On 5 dec, 02:10, JOG <> wrote:
> On Dec 4, 8:33 pm, "David Cressey" <> wrote:
> > "JOG" <> wrote in message
> >
> > > Genuine question guys. From an E/R perspective (one of the good
> > > variants, that allows relationships to have attributes), if I'm faced
> > > with the following data.
> > > -- Fred married Wilma in Bedrock.
> > > -- Barney and Betty married in Paris.
> > > How do I decide whether I am dealing with a marriage entity or a
> > > marriage relationship?
> > > The literature I'm reading here is telling me that the choice is based
> > > on what 'things' are key to the business. If my business is concerned
> > > with people (tax collection say), 'marriage' is best modelled as a
> > > relationship, whereas if the marriages themselves are my focus
> > > (perhaps I run a church) then its probably better as an entity.
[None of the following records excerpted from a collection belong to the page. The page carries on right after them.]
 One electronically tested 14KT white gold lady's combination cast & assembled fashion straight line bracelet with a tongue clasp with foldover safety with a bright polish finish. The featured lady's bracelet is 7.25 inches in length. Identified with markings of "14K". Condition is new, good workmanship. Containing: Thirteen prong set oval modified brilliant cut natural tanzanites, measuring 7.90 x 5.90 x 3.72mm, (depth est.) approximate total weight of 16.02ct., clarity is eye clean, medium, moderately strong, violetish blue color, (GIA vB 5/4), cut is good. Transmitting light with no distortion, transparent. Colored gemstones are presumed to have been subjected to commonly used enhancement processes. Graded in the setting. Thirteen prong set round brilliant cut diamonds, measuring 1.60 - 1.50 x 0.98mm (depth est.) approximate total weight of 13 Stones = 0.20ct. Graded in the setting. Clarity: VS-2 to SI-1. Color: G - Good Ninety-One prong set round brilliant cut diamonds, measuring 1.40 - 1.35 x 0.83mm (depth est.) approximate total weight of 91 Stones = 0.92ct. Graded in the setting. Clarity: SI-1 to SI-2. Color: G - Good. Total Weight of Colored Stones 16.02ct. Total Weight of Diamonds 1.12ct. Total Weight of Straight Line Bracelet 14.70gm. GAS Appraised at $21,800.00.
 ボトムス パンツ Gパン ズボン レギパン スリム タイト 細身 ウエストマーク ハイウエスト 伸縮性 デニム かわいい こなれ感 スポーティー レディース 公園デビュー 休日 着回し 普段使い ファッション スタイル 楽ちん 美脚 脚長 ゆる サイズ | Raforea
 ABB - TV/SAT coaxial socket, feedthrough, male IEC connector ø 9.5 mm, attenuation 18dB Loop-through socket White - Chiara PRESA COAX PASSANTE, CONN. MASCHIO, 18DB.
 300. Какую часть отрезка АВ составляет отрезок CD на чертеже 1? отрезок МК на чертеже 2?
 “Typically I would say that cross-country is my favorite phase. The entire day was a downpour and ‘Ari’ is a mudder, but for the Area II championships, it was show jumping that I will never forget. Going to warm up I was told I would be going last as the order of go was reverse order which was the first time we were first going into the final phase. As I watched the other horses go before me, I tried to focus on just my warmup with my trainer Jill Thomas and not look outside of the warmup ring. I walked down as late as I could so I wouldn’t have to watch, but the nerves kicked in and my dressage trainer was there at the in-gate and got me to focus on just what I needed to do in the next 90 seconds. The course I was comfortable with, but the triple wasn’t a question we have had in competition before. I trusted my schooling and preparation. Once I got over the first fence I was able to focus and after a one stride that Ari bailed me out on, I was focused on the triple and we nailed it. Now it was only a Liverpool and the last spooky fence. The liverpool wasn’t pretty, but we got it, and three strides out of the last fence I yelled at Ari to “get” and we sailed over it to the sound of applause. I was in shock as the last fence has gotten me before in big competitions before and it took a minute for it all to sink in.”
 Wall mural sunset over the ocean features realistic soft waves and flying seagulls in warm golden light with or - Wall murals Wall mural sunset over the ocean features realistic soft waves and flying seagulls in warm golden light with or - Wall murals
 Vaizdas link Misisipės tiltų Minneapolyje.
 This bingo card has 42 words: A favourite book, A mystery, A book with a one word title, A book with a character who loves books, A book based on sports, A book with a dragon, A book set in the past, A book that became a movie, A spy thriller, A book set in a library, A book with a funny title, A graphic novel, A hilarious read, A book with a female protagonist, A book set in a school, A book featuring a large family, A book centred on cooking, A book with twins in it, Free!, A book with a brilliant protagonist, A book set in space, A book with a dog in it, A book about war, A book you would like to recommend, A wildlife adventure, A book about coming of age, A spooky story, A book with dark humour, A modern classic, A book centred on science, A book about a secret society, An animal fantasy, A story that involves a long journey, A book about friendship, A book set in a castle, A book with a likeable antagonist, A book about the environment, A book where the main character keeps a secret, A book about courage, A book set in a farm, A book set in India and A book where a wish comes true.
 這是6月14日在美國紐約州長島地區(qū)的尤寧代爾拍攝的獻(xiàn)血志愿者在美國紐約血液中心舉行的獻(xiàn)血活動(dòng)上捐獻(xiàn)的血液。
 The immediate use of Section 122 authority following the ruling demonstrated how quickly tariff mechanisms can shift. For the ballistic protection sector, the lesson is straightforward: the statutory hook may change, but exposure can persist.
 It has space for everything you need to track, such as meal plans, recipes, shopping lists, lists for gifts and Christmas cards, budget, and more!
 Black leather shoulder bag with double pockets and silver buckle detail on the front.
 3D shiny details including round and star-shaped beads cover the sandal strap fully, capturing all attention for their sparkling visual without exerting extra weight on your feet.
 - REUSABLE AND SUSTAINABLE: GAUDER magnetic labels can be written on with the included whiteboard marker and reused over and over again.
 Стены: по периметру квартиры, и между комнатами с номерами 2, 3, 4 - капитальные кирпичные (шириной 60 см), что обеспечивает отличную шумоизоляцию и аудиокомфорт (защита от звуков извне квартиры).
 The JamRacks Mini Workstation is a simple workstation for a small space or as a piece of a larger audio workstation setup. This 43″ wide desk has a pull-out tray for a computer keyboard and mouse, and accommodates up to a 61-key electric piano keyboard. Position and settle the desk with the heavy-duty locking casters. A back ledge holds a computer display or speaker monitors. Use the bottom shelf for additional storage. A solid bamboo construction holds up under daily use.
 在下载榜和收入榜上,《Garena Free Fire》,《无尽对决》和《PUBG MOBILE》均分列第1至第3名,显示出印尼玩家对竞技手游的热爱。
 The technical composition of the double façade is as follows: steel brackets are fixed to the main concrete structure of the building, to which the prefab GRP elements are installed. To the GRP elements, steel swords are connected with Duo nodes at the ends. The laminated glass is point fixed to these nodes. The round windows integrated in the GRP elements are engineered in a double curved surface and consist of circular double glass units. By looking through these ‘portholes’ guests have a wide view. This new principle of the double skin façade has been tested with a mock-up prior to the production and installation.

> > > Have I made the right interpretation here, and is there general
> > > agreement here? I am much more comfortable seeing that some variants
> > > allow relationships to themselves have attributes, and that there is
> > > nothing sacred about choices between using relationships or entities,
> > > making it a design decision instead.
> > > Thanks in advance, J.
> > My answer is that it's subjective. If the subject matter experts all treat
> > a marriage as a relationship, follow their lead. If the subject matter
> > experts all treat it as an entity, follow their lead, but insist that
> > there's a key attroubt that identifies it. (Do the SME's have any such
> > thing as a "marriage ID" attribute?
> > Once you switch over from analysis to design, here's what happens: the
> > attributes that you discovered during analyisis and attached to entities or
> > relationships will be carried over from your ER model your design model,
> > which I presume will be a relational model.
> > The entities and relationships themselves, as such, will all disappear!
> > Another thing that will carry over is the keys, used to identify instances
> > of entities in the subject matter (or UoD if you prefer). Sometimes the
> > keys used by the SME (subject matter experts) are a little too informal and
> > require "common sense" to disambiguate. That's a special case, and doesn't
> > affect this discussion.
> > I'm used to expressing a relational model in terms of tables (relational
> > tables), but I presume that what follows could be transliterated into terms
> > of relvars without any difficulty.
> > Each entity will have a table of its own, with the attributes that pertain
> > to that entity. The primary key of the table will be the key attribute of
> > the entity.
> > Each relationship will have a table of its own, except for a few that can
> > be piggy backed onto entity tables. The primary key of a relational table
> > will consists of two or more foreign keys, compound. These tables will
> > automatically be normalized up to 3NF unless your analysis put an attribute
> > on the "wrong entity". I'm not sure about normalization beyond 3NF.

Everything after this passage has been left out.